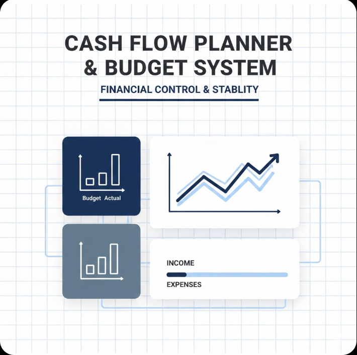 The Cash Flow Planner & Budget System is a professional Google Sheets tool designed to help freelancers, solopreneurs, and small business owners plan, track, and manage cash flow with clarity and confidence.
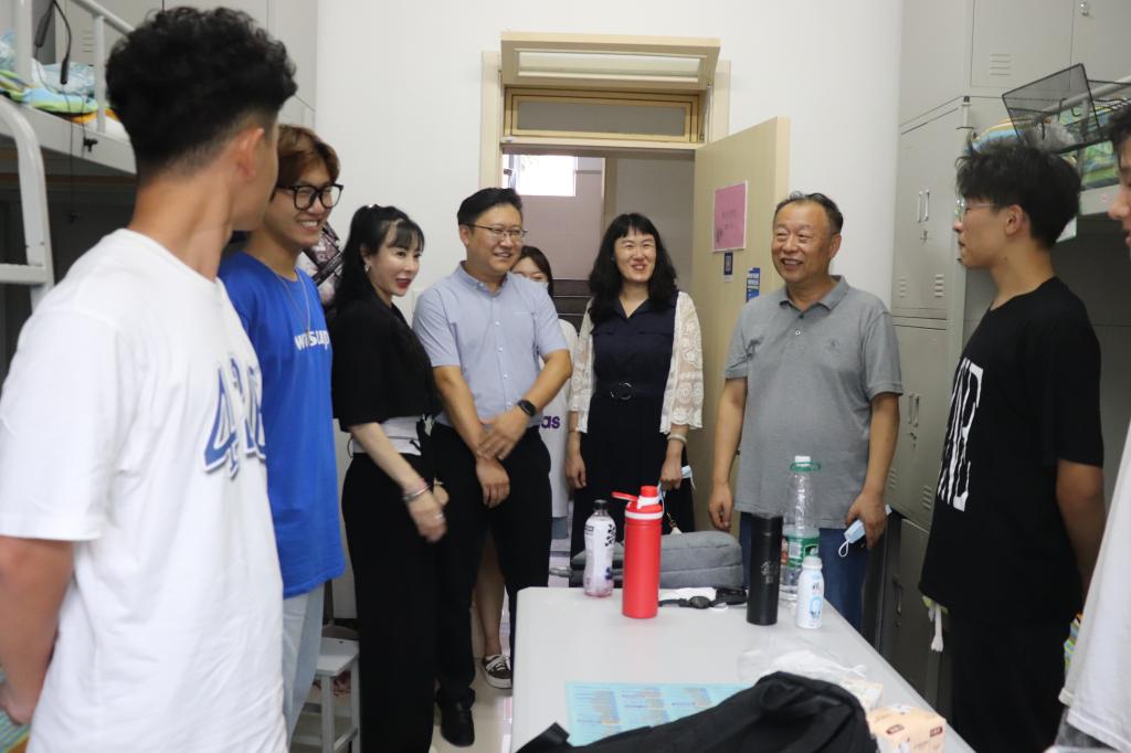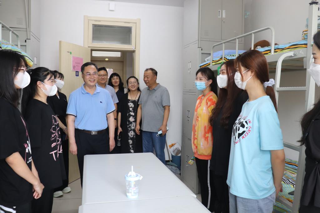 9月9日下午,爱情岛 党委常委、副校长李军来到滢园新生宿舍走访慰问我院2021级新生。学院党委书记姜世安、院长王静怡、副书记司现鹏、副院长董博超、李晓囡和新生辅导员温丽陪同走访。
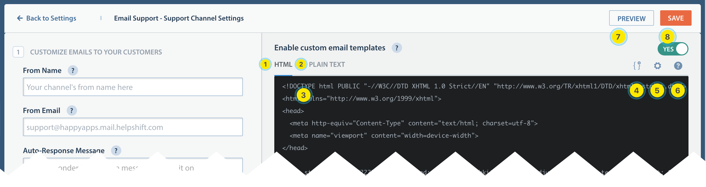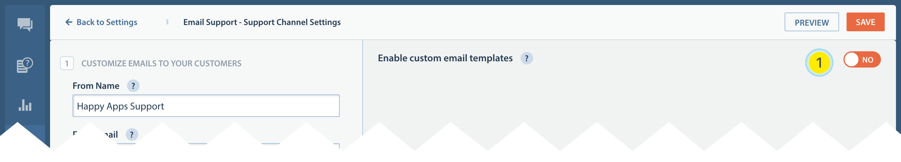Goto the email support channel that you want to enable custom email templates for, and turn ON the custom templates toggle -
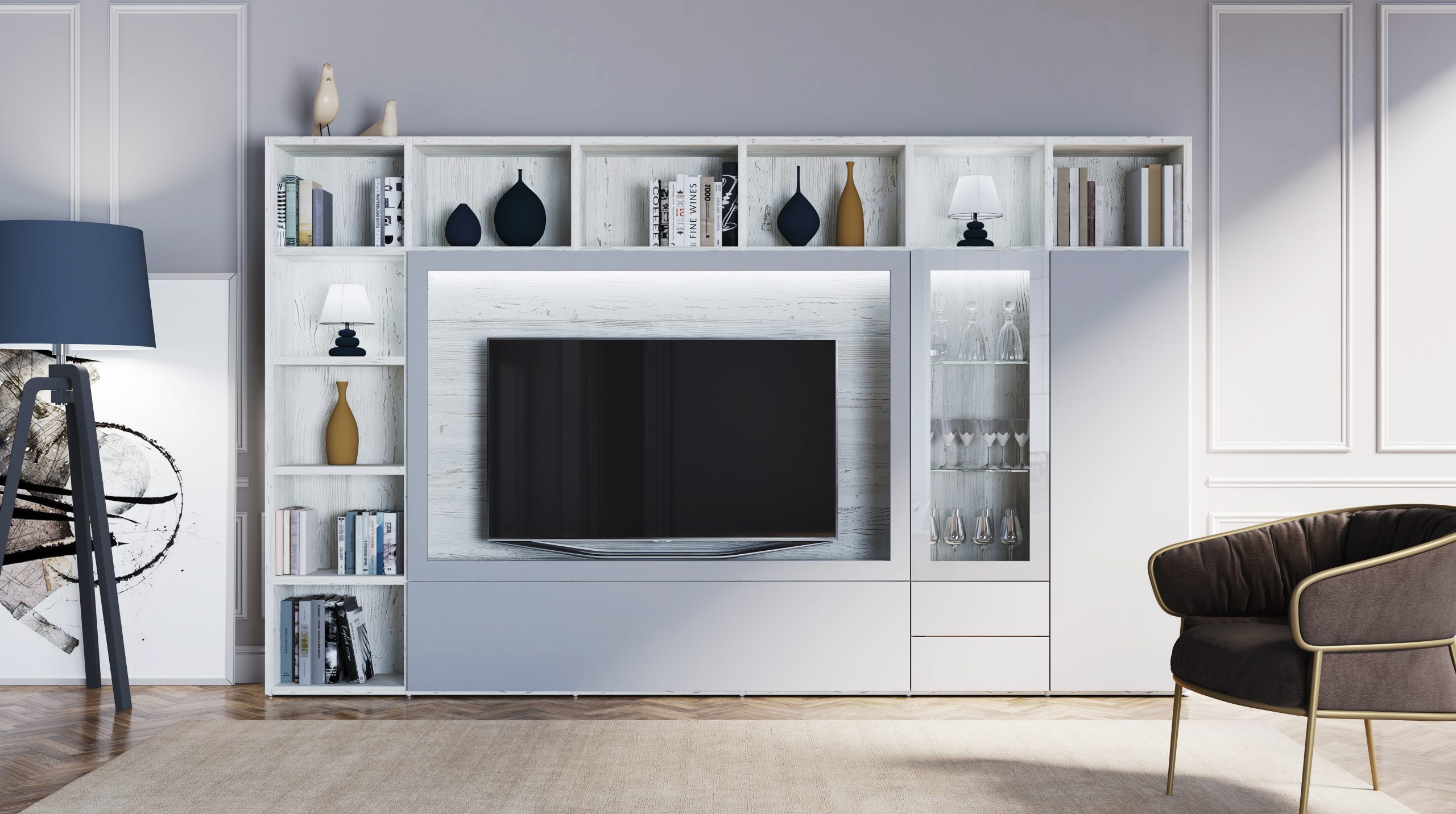 Acabados: lacado color gris nube y laminado blanco rústico.

—————

About this exercise:
Give again the lines from the line that contains "Goto the email" through the last line of the material above, exactly and with both ends included. Omit the pictures.

Written solution:
Goto the email support channel that you want to enable custom email templates for, and turn ON the custom templates toggle -
 Acabados: lacado color gris nube y laminado blanco rústico.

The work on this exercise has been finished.